– Вы в блокаду ходили в церковь с мамой?
– Я – нет. Но мама ходила с моей сестрой Мусей – на Охте церковь работала. А когда мама умерла, она как будто передала мне свою веру. И я стала верить.
– Отец не ушел на фронт?
– В армию папу не взяли, ему уже шестьдесят лет было, он работал в ополчении. Однажды упал на улице, кто-то пришел и сказал об этом маме, они с сестренкой пошли и привезли его на санках – у него ноги отнялись от голода. Он лежал, наверное, с месяц, а потом, ночью с 9 на 10 января, умер. Я запомнила, как он лежал и у него вот так бежали вши. Мужчины вообще умирали раньше. Женщины подготовлены природой к родам, они крепче. Женщины начали умирать в конце февраля – в марте.
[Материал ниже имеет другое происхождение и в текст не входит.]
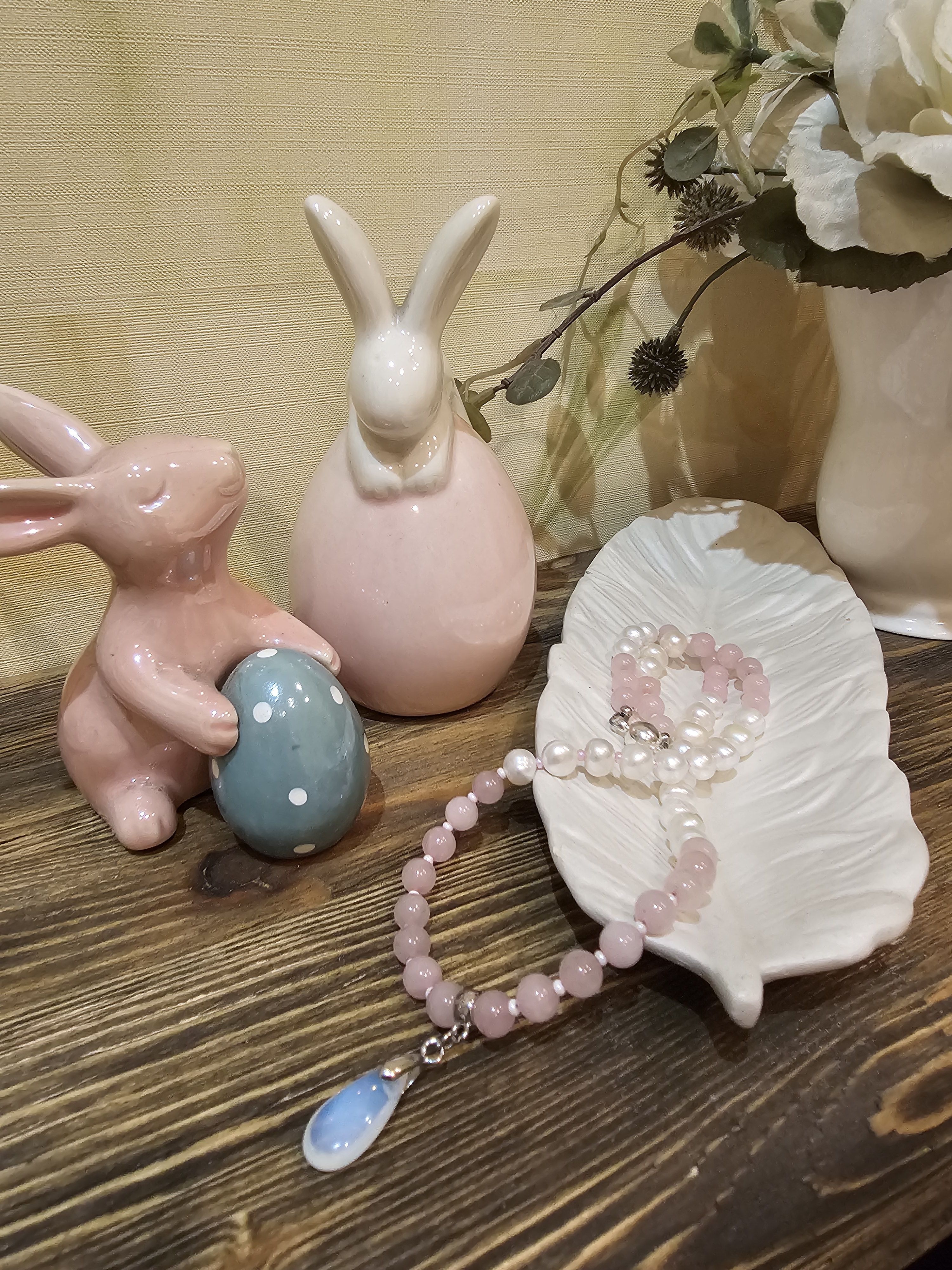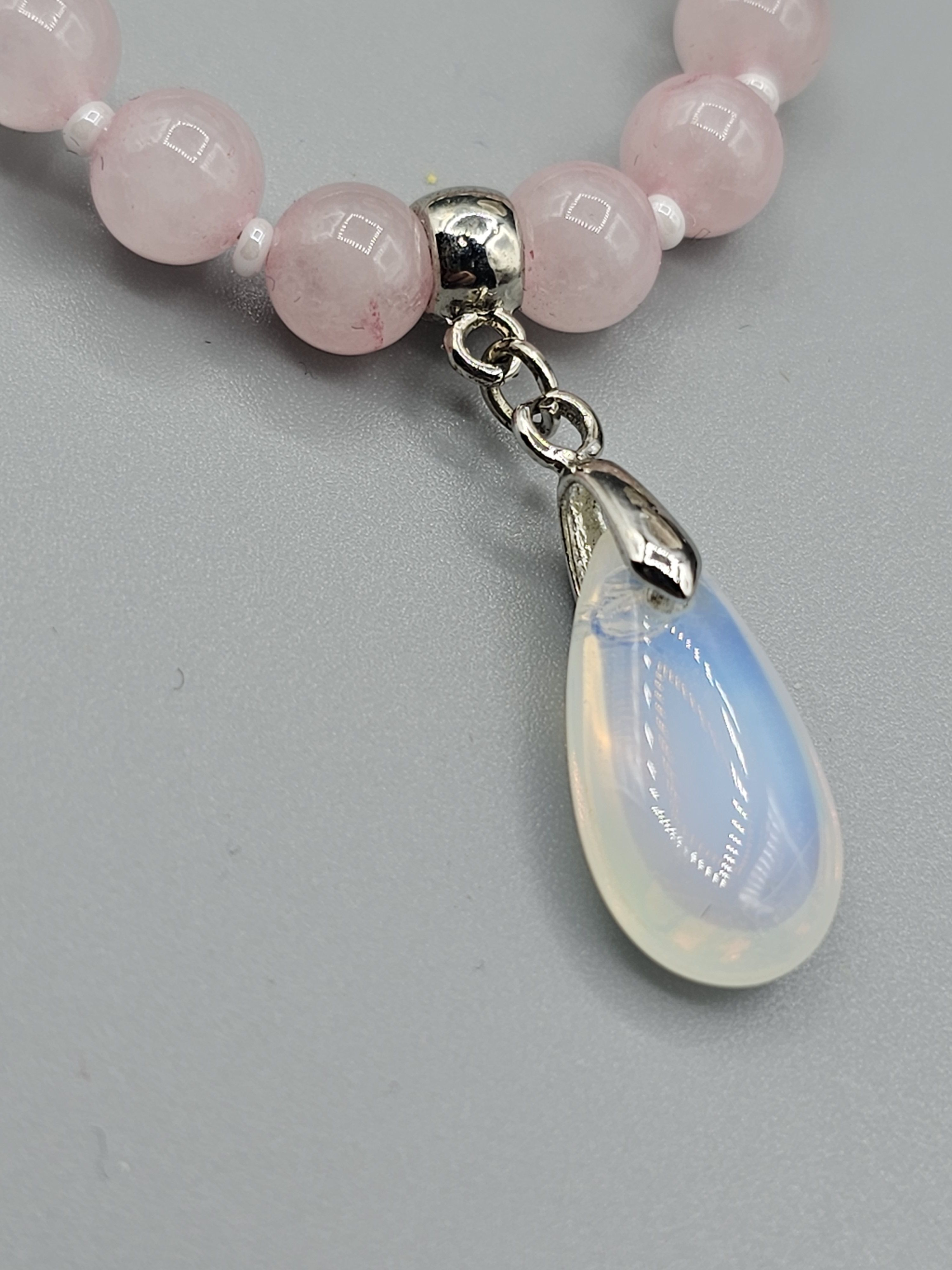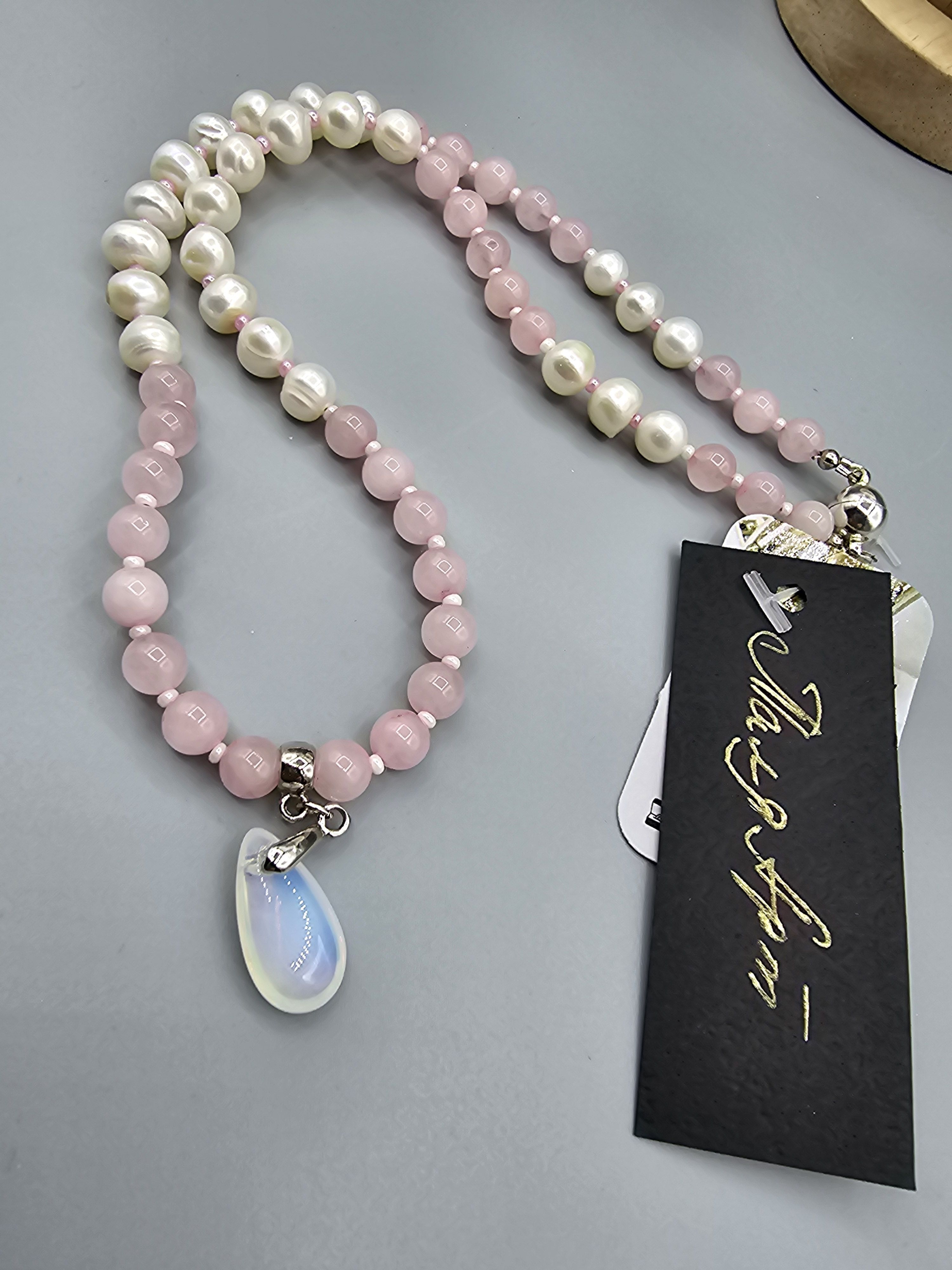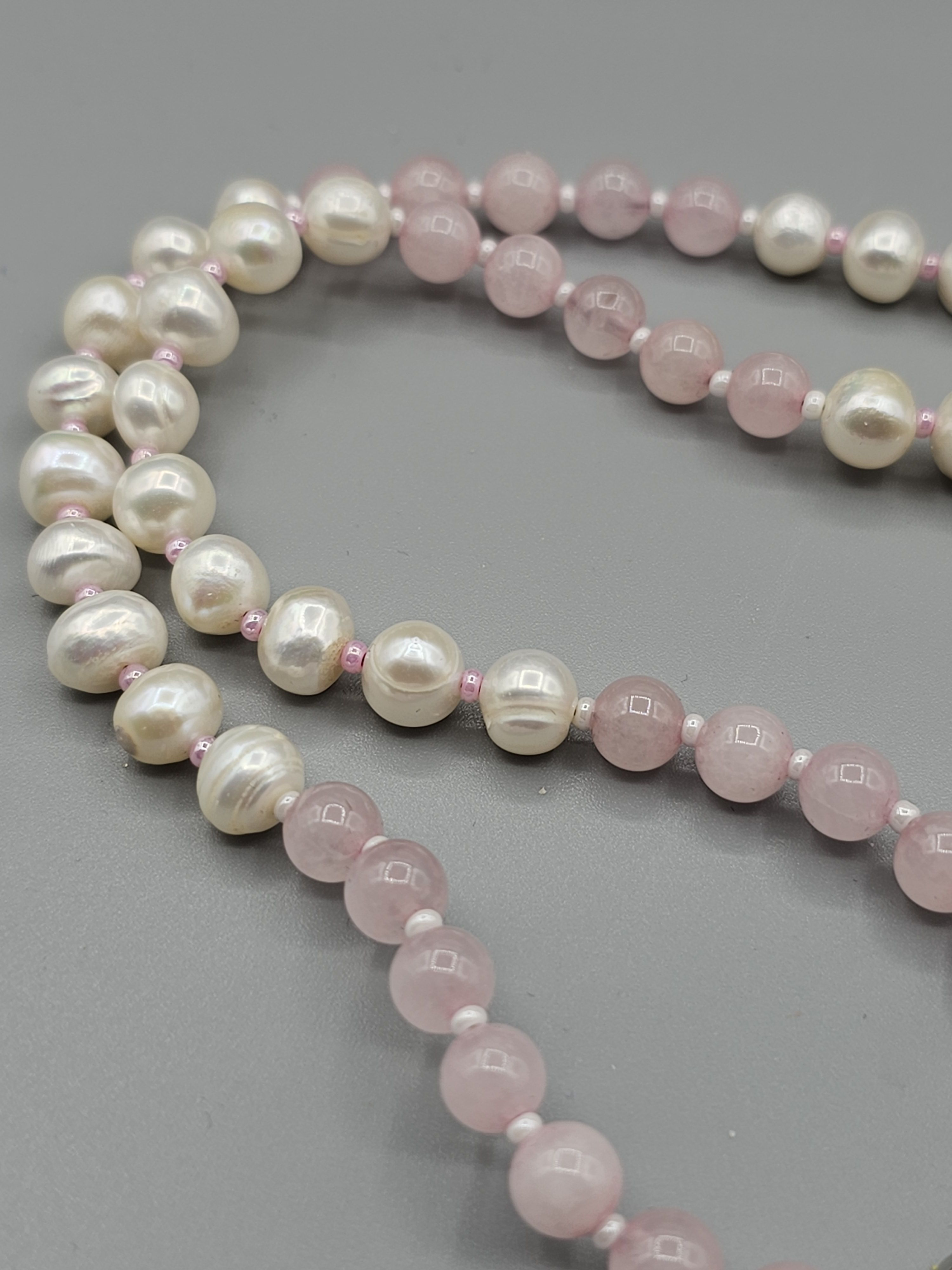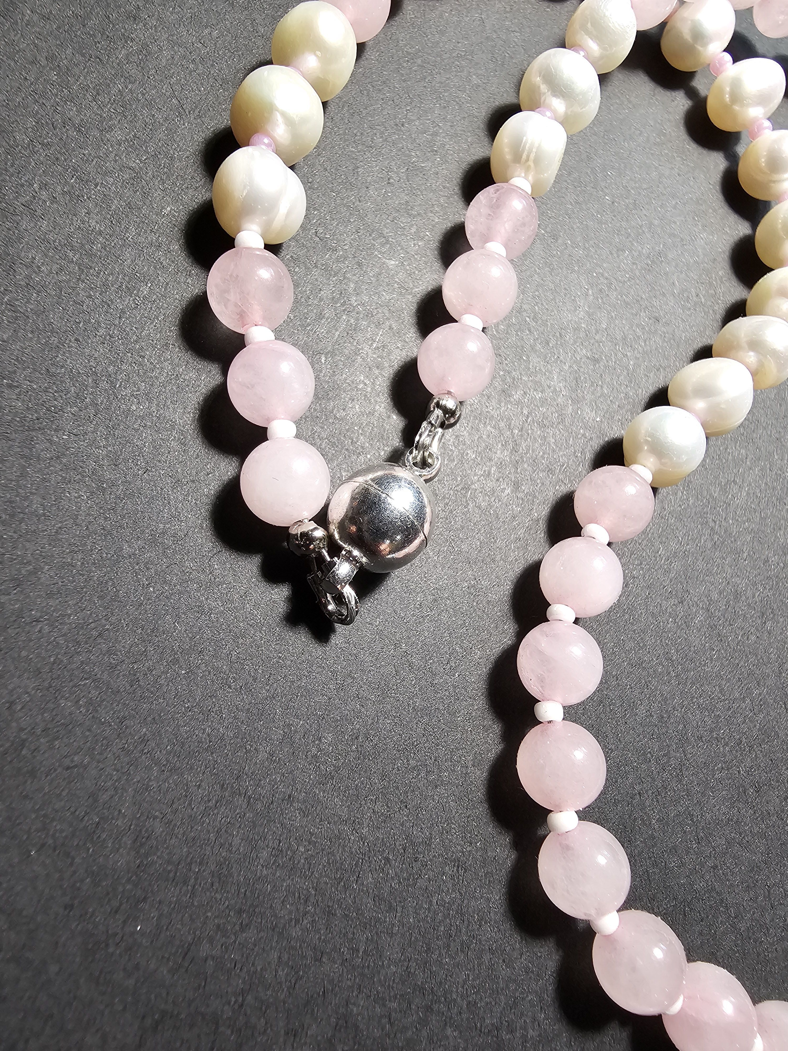 Колье (ожерелье) ручной работы из натуральных бусин розового кварца, речного жемчуга и чешского бисера. По центру колье украшено кулоном-каплей из лунного камня. Магнитный замок позволит быстро снимать и надевать колье.
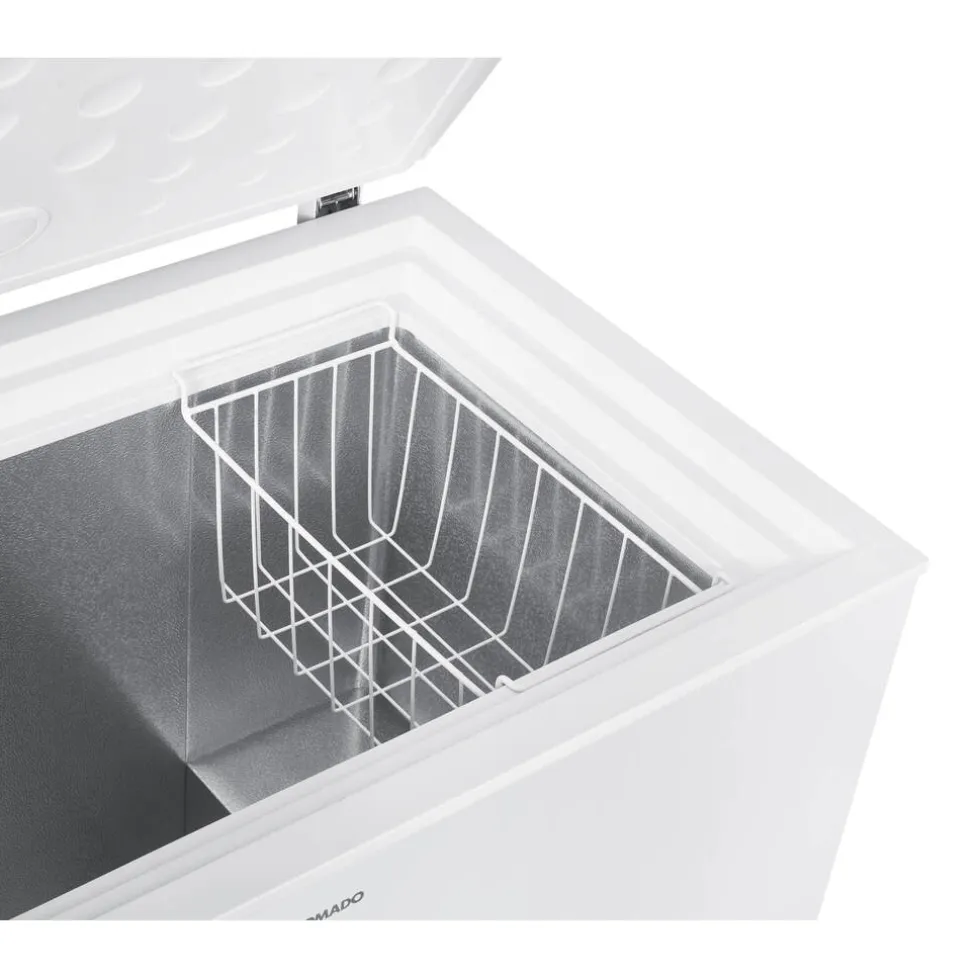 De vrieskist is voorzien van een strak en compact design. Aan de voorkant van de vriezer vind je de digitale thermostaat. Hiermee kan je de gewenste temperatuur van de vrieskist instellen. De vrieskist gaat via de deksel aan de bovenkant open. De vrieskist is voorzien van een handige uitneembare opbergkorf. De opbergkorf hang je boven in de vrieskist, waardoor je goed bij de etenswaren kunt. Dankzij de handige binnenverlichting in de klep zie je precies wat er in de vrieskist ligt
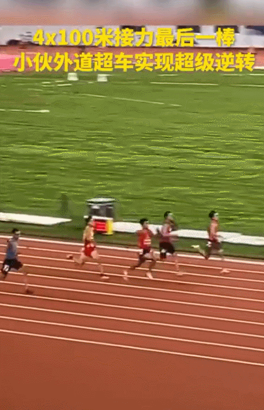 在安徽省第十五届运动会4X100米接力赛中,小伙在最后一棒实现逆转,全场沸腾!
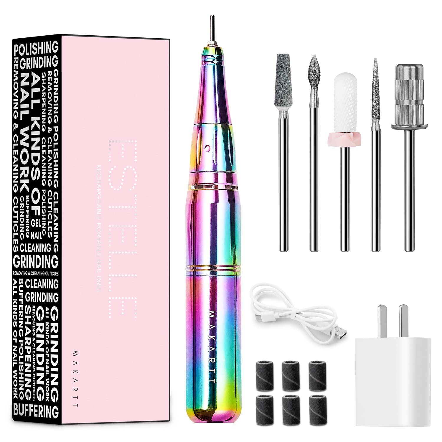 - Professional Nail Drill Kit: Comes with 1pc hight quality nail filer electric, 5pcs nail drill bits, 6Pcs sanding bands and one USB cable in a Makartt sepecail gift box. Great ideal as gift for girl friend, sister, mother, nail lover and nail techniciant.
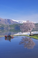 田起こしと桜咲く青木湖より白馬連峰
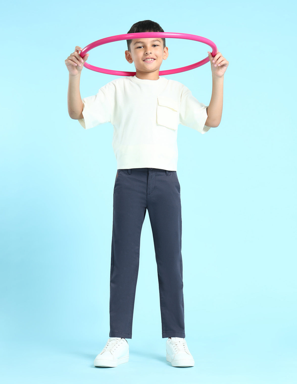 Boys Navy Mid Rise Solid Twill Trousers
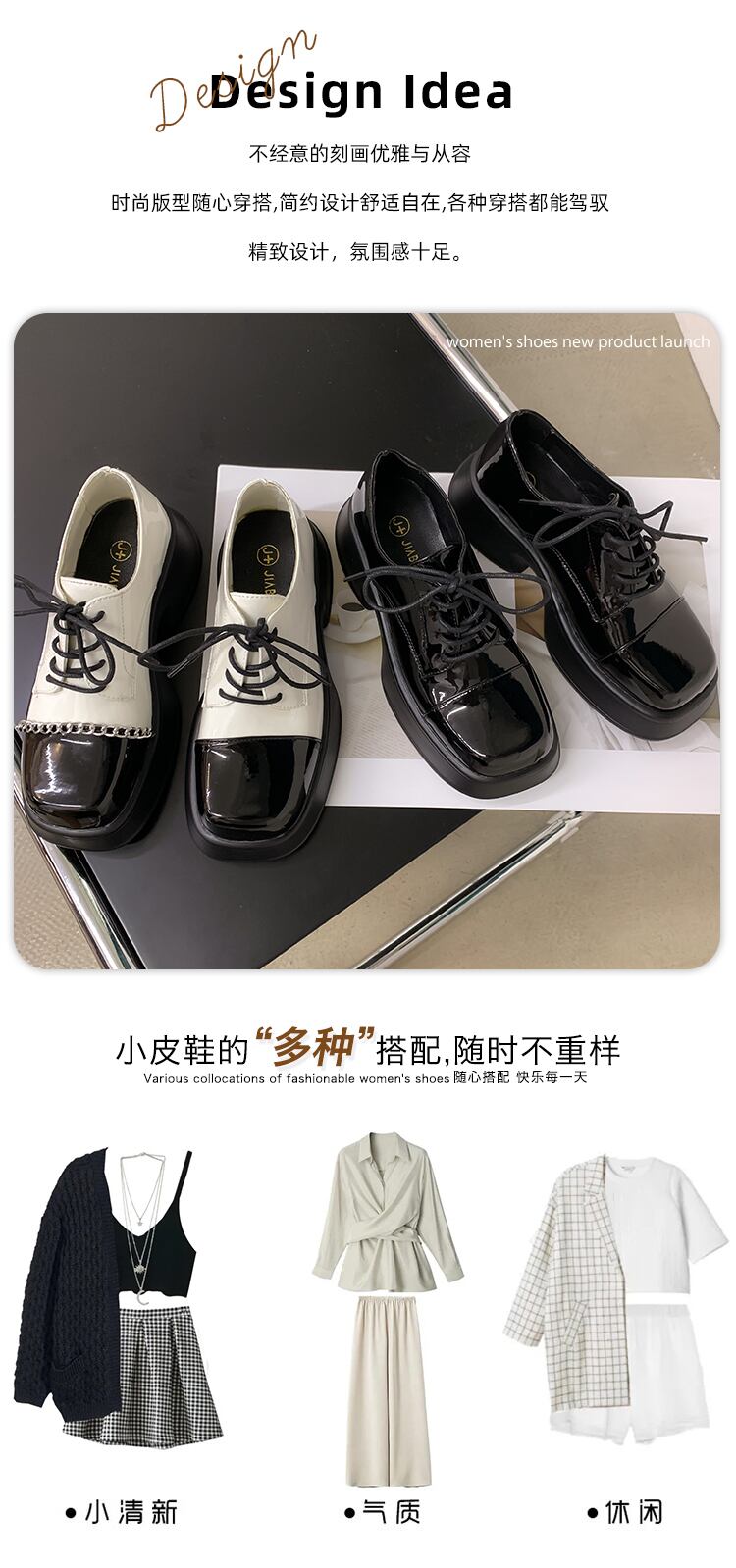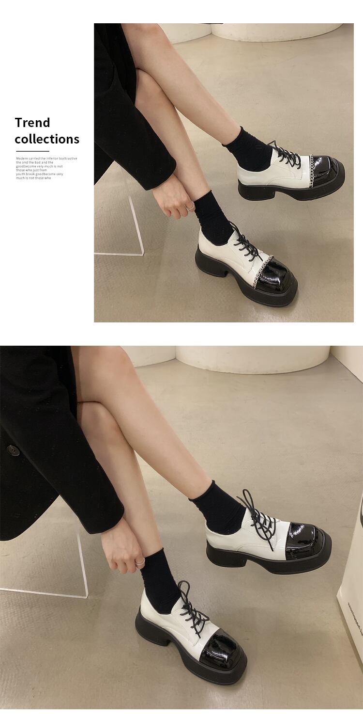 レザーオータムスタンダードチェーン スタイルシングル 靴 シューズ レトロ 秋物 スクウェア jxjxf22660862867

– А что вы чувствовали, когда отец умер?
– Ни слез, ни эмоций не было. Подходила, смотрела: «Ну да, папа умер». Чувств вообще никаких не было – ни к брату, ни к маме, ни к сестре. Сейчас это не понять и не передать. И мама к его смерти спокойно отнеслась. Она была верующая и так спокойно прочитала над ним заупокойную молитву. И сестра спокойно восприняла. Все чувства притупились. Я хорошо помню такую картину незадолго перед его смертью. Огромный стол, над ним абажур, сидит папа, мама приносит хлеб с двумя горбушками и делит на пять частей. И каждый прячет свою часть за пазуху. Уже семьи не было, все распалось, каждый за себя. Папа меня до блокады безумно любил, баловал, я была его первым поздним ребенком, любимой дочкой. Он был добрейшим гостеприимным человеком, у нас все вечно паслись, устраивали пиры. И вдруг – совсем другой человек. Ему все казалось, что его обделили: «А ты себе больше взяла!» «А ты Муське больше отрезала!» Каждому – свое. Вместе уже не было ничего. Разве что, когда ногу варили, вместе ели. А так… Каждый на печурке насушит свои сухарики, их за пазуху – и все. Каждый сам решал, когда свою долю съесть. А папа все собирал крошечки, которые у меня упали или еще у кого-то. Потом я вспоминала это и думала: «Боже мой! Во что мы превратились!»
– Вам удалось его похоронить?
– Когда папа умер, мы его положили в холодную соседскую комнату, где все умерли, и он там лежал, по-моему, месяц. Мама все пыталась экономить хлеб, чтобы сделать гроб. Наконец за 200 грамм хлеба ей сделали гроб, и они с сестренкой Мусей повезли папу на кладбище на Охту. Но из гроба его вытряхнули в общую могилу. Мы долго ходили потом туда к общему памятнику, а когда мама умерла, я добилась, чтобы ее похоронили на Охте, и памятник мы им поставили общий.
– Вы трупы на улицах видели?
– Конечно! На углу 2-й Советской была булочная с тремя ступеньками, и у первой ступеньки долго лежала запорошенная снегом женщина. У нее были как будто выгрызены или вырезаны щеки, носик вот такой только торчал. Люди шли по улице, падали и не вставали. Что тут сделаешь. Помоги другому – и сам свалишься. Ходили со «светлячками», покрытыми фосфором, которые нам выдавали. Иначе столкнешься с кем-нибудь в темноте. Сугробы выше головы были. Мама выходила за хлебом в шесть утра, ждала открытия магазина до девяти на морозе, а если хлеб не привозили, то и дольше. Она рассказывала, что то один человек, то другой в очереди умирал. По-моему, в феврале на детские карточки дали 200 грамм крупы и 100 грамм подсолнечного масла. Сестренку, которой было семнадцать, спасло то, что мама через каких-то знакомых устроила ее работать в госпиталь на казарменное положение. И та взяла с собой брата Алика. Там было тепло и их три раза в день худо-бедно кормили.